- Music: Liang Wern Fook; Jimmy Ye;
- Premiere: Singapore
- Productions: 1996 Singapore; 2010 Singapore; 2015 Singapore;

= December Rains =

Singapore theatre production

December Rains (雨季 (Yǔ jì)) is the first original Mandarin musical written by veteran songwriter Liang Wern Fook and Jimmy Ye, directed by theatre director Alec Tok and producer James Toh. It was first staged by Brink Creative Company in 1996. The musical was restaged in 2010 and 2015 by Singapore theatre production company, Toy Factory Productions at the Esplanade Theatre by Goh Boon Teck.

== Synopsis ==
December Rains follows a pair of students heavily devoted to their motherland, China during a tumultuous period of social disorder and violent riots in 1950s’ Singapore. Against the backdrop of social unrest, family tension and friendship jealousy, this musical brings theatregoers to the post-Japanese occupation era. Protagonists, Ying Xiong and Li Qing navigate through the aforementioned obstacles in this heartwarming coming-of-age musical as audiences witness their budding, tragic love story. Anchored by an undelivered love letter written by Li Qing, this musical unveils the danger of human desires as Ming Li, the friend of both protagonists who, too, harbours feelings for Li Qing, intentionally failed to hand the letter to Ying Xiong. The unresolved misunderstanding between Ying Xiong and Li Qing caused by Ming Li continued on for 30 years until the pair finally reunited in the 1980s. This time with their daughter, whose existence was not made known to Ying Xiong before his departure three decades ago.

==Cast==

| Character | 1996 | 2010 | 2015 |
|---|---|---|---|
| Li Qing | Xiang Yun | Kit Chan | Chriz Tong |
| Ying Xiong | Boon Ang | George Chan | Andie Chen |
| Ming Li | Jiu Jian | Jeffrey Low | Sugie Phua |
| Wang Mei |  | Jo Tan | Abby Lai |
| Ah Ling |  | Lee Lian | Ann Lek |

==Soundtrack==
1. 我心中的雨
2. 只要你相信
3. 渺小的我
4. 今天
5. 我该怎么做
6. 必须如此
7. 我终于看到
8. 请你告诉他
9. 收起你的眼泪
10. 我以为爱
11. 抉择
12. 最幸福的事
Source :

== Production ==
December Rains is Singapore's first Broadway-style Mandarin musical which costs $500 000 to produce in 1996. Xiang Yun made her theatrical debut as the female lead Li Qing.

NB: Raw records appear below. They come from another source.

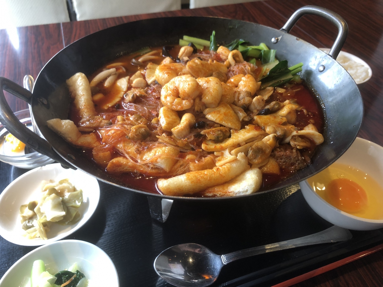 海老、イカ、アサリの海鮮に、野菜、きくらげ、大量の油あげ、はるさめが入っていて、ボリュームたっぷり。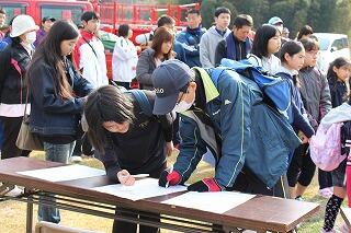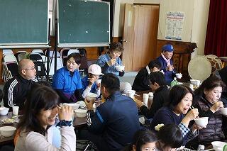 ぞくぞく到着して、完歩賞をもらっています。その後がお楽しみの「豚汁」「ぜんざい」です。とてもおいしく何杯もおかわりしている人もいました。地域と子どもたちの交流が図られたよい歩こう会でした。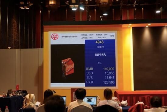 2017年4月,在北京举行的中鸿信二十周年春季拍卖会中,一粒产自60年代的广誉远安宫牛黄丸被卖到了11万元的天价。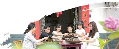 湖北秭歸,家人團(tuán)聚包粽子。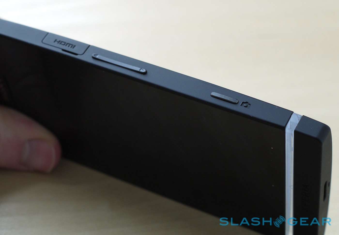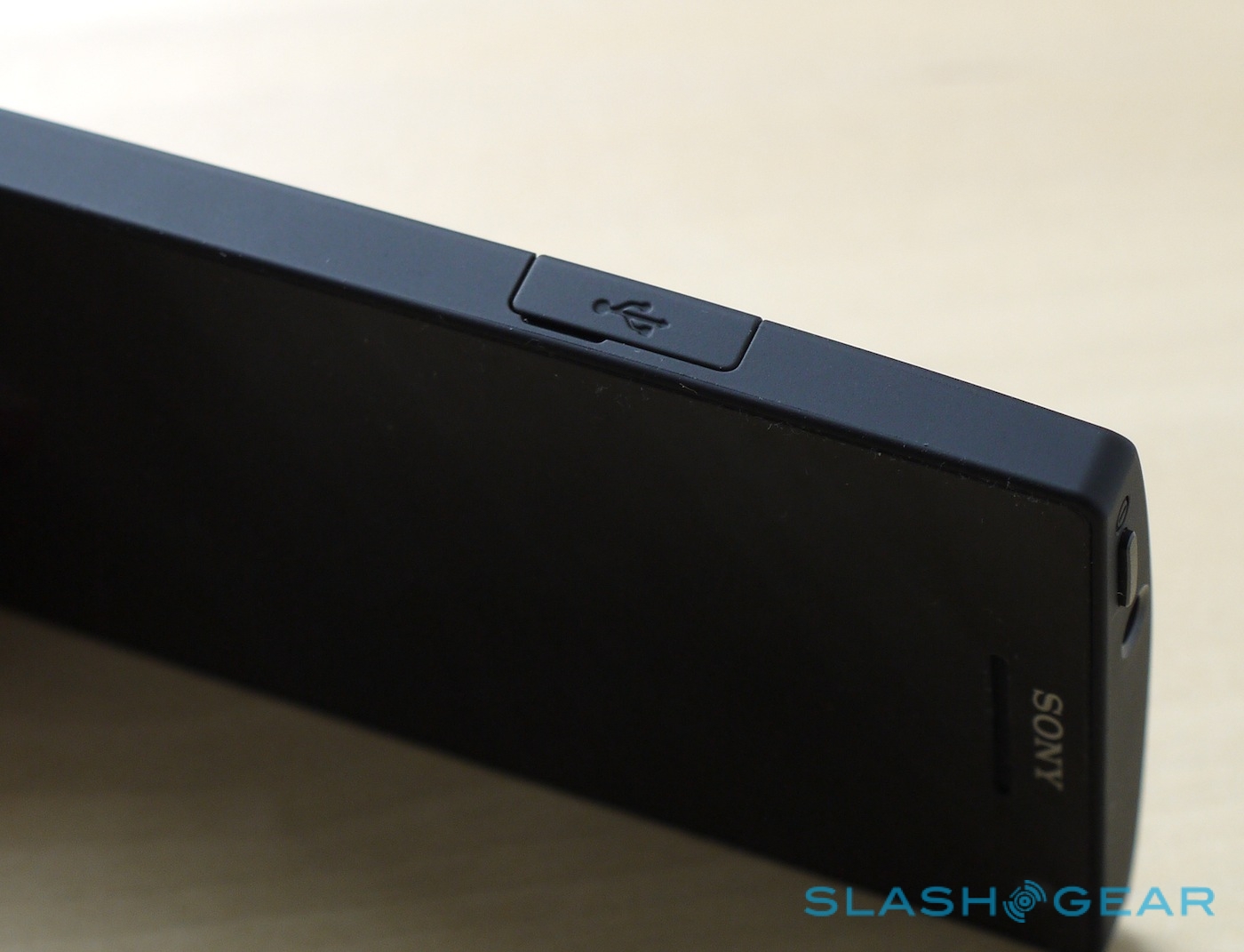 The rest of the hardware is a mixture of the eminently sensible and the ridiculous. You get a dedicated camera shortcut key along with the volume rocker on the right edge, together with the power/lock button and a neatly bevelled headphone jack on the top, together with separate ports for microUSB and micro HDMI. Unfortunately Sony insists on putting fiddling covers on top of both of them. On the back there's the stacked row of the 12.1-megapixel camera lens, an LED flash, speaker and microphone; the whole cover clicks up to remove.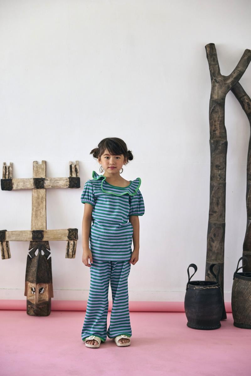 【26SS】KOQUELIKO(コキュリコ)Misha tops green border(S/M/L)Tシャツ グリーン ボーダー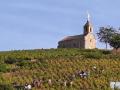 Le matin : une balade au cœur des vignes à Fleurie. Nous observons çà et là la maturité des raisins, et encourageons les quelques vendangeurs du dimanche. En chemin, un arrêt incontournable à «La Chapelle de la Madone» dédiée à la Vierge Marie, édifiée dans les années 1870. De là, une vue panoramique sur le vignoble beaujolais et ses villages s’offre à nous.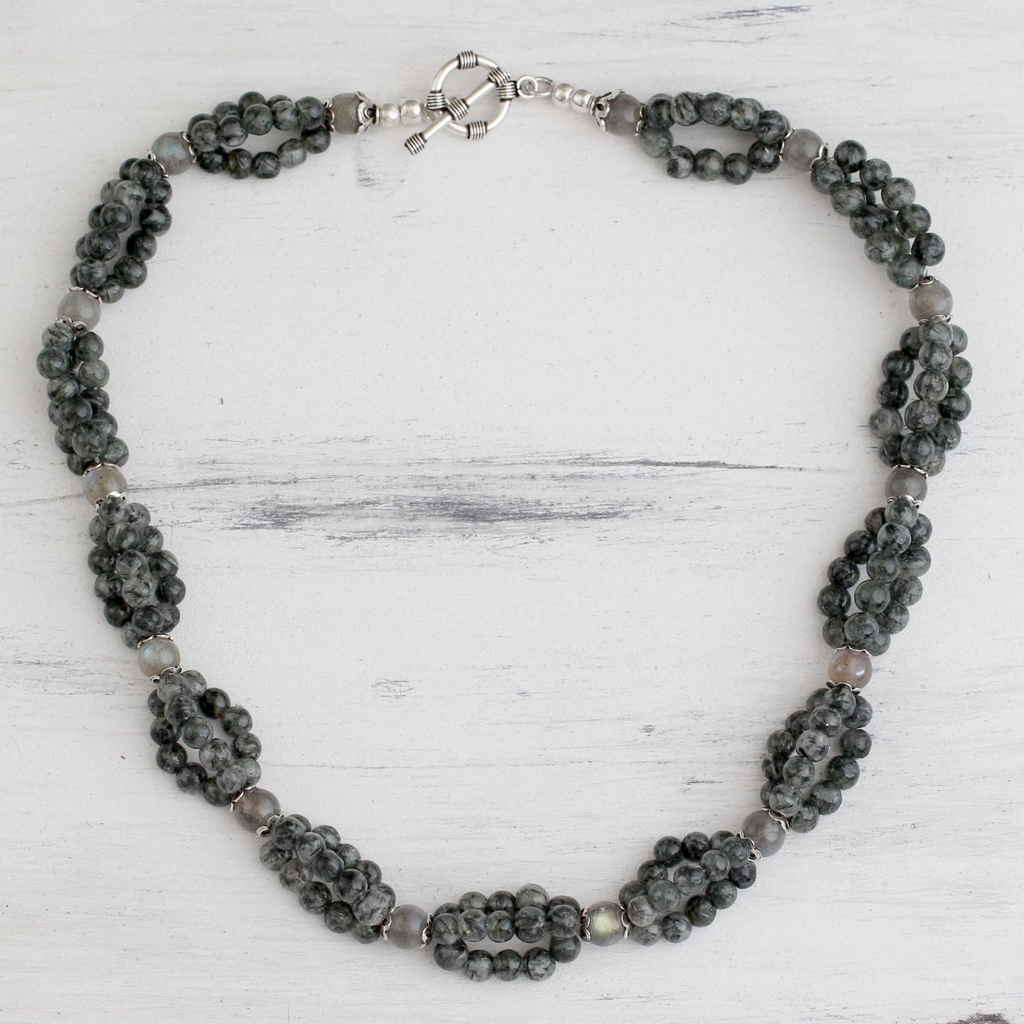 Labradorite beaded necklace, 'Evening Muse'

Goh Boon Teck of Toy Factory Productions restaged the musical in 2010 with Kit Chan and George Chan as the main lead.

In 2015, Goh restaged the musical as part of Toy Factory Productions' 25th anniversary celebrations. The restaging was done with a new cast, auditioned by Liang and Ye, and Andie Chen made his theatrical debut as Ying Xiong. The set designer was Eucien Chia who was also the set designer in the 2010 restaging. A new song, "《我在等什么》What Am I Waiting For", was also composed by Liang and Ye for the restaging.

== Critical response ==
In the initial staging of the musical, Wong Chee Meng of The Straits Times wrote that the musical "comes close to romanticising the era as a time when men sacrificed themselves for political ideals and women would do anything for love" and "at its most heartwarming, even if a bit corny, in its recreation of bygone days...". Wong concluded that it "gets rather draggy in the end when more moral perspectives are thrown in and it could do with a slicker production" but "a creditable effort in creating Singapore's own epic."

Mayo Martin of Today said the reproduction in 2010 "has an affinity with productions like Miss Saigon and Les Misérables" and Goh Boon Teck had succeeded in "constructing a visually elegant tale".

In 2015, Ng Yi-Sheng of The Straits Times said the second reproduction "holds up magnificently as a classic work of Singaporean theatre" and "arguably more moving than the recent deluge of historical musicals". Yane Usagi of Today reviewed that "themes are easy to follow — without being dumbed down — and the music is easy on the ear." and "this restaging is worth watching, as it will satisfy with its artistic reinterpretation and quality staging."

== Concert ==
In 2022, Ye adapted the musical to a concert, December Rains The Concert. The concert featured Ye, the 2015 cast of Chriz Tong and Qiao Han, Joanna Dong, Sherman Zhuo and Sugie Phua.